給与計算業務に、手間や不安を感じていませんか。毎月の残業代計算や社会保険料の控除、年末調整など、手作業やエクセルでの給与計算はミスが起きやすく、担当者の負担も大きくなりがちです。

こうした課題は、給与計算ソフトの導入で大きく改善できます。自動計算によるミス防止はもちろん、法令改正への対応、給与明細の電子配布まで一元管理でき、業務効率と正確性を同時に高められます。

本記事では、主要な給与計算ソフトを徹底比較し、企業規模や目的別におすすめの給与計算ソフトをわかりやすく紹介します。無料で使えるクラウド型給与計算ソフトや、労務管理まで対応できるシステムなど、幅広く網羅しています。

「給与計算ソフト 比較」「給与計算ソフト おすすめ」と検索している方が、自社に合ったツールを判断できる材料を得られる内容です。気になるソフトがあれば、無料トライアルや資料請求を活用して比較検討してみてください。

給与計算ソフト・アプリを導入するメリットとは?

給与計算ソフトを比較・検討する前に、まずは導入によって何が改善できるのかを整理しておきましょう。ここを押さえておくことで、自社に必要な機能や選定ポイントが明確になります。

ミス防止と業務効率化

基本給・残業代・各種手当や控除を自動計算できるため、転記ミスや計算ミスを大幅に削減できます。毎月の定型作業が自動化され、従来の給与計算にかかる時間と担当者の負担を軽減できます。

法令改正への自動対応

税率や社会保険料率の変更、年末調整制度の改正などにも、ソフト側のアップデートで対応。法改正を都度調べる必要がなく、常に最新ルールに沿った給与計算が可能です。

年末調整・帳票作成の効率化

煩雑な年末調整の控除計算や源泉徴収票の作成も自動化できます。住民税関連書類や支払調書などの帳票もワンクリックで出力でき、作業時間を大幅に短縮できます。

ペーパーレス化・Web給与明細配信

Web給与明細に対応した給与計算システムなら、印刷・配布作業が不要になります。従業員はPCやスマホアプリから明細を確認でき、リモートワーク環境でもスムーズな運用が可能です。

勤怠・会計システムとの連携

勤怠管理や会計ソフトと連携できる給与計算ソフトなら、勤怠データの自動取込や仕訳データの自動作成まで行えます。これにより周辺業務も効率化され、月次締め作業が格段に楽になります。

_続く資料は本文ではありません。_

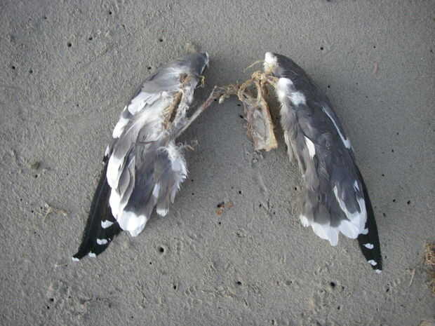 Cargar mi gran bolso seco hasta la playa. Me arrastre la canoa en los palillos y voltearlo, que hace que una obra de arte en la arena. Hay una reliquia de ave sobre la arena. ¿Mi ángel de la guarda? ¿Qué come un pájaro y deja intactas las alas?
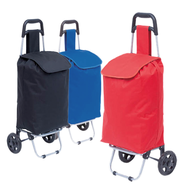 Carro de compra plegable en resistente poliéster 600D de variada gama en vivos colores. Con asas reforzadas, cuerpo metálico tubular, bolsillo de cremallera posterior y soportes con gomas de protección. Ruedas reforzadas de alta calidad. Plegable

以上のように、給与計算ソフトはPoint確に・速く・安心して行えるようにする」ためのツールです。特に法令対応や他システム連携といったポイントは、手作業では難しい部分なので導入メリットが大きいです。

おすすめ給与計算ソフト・アプリ比較【主要サービス一覧】

ここからは、国内主要の給与計算ソフトをタイプ別に比較していきます。特徴的なソフトをカテゴリごとにピックアップしておりますので、自社の状況に近いカテゴリーからチェックしてみてください。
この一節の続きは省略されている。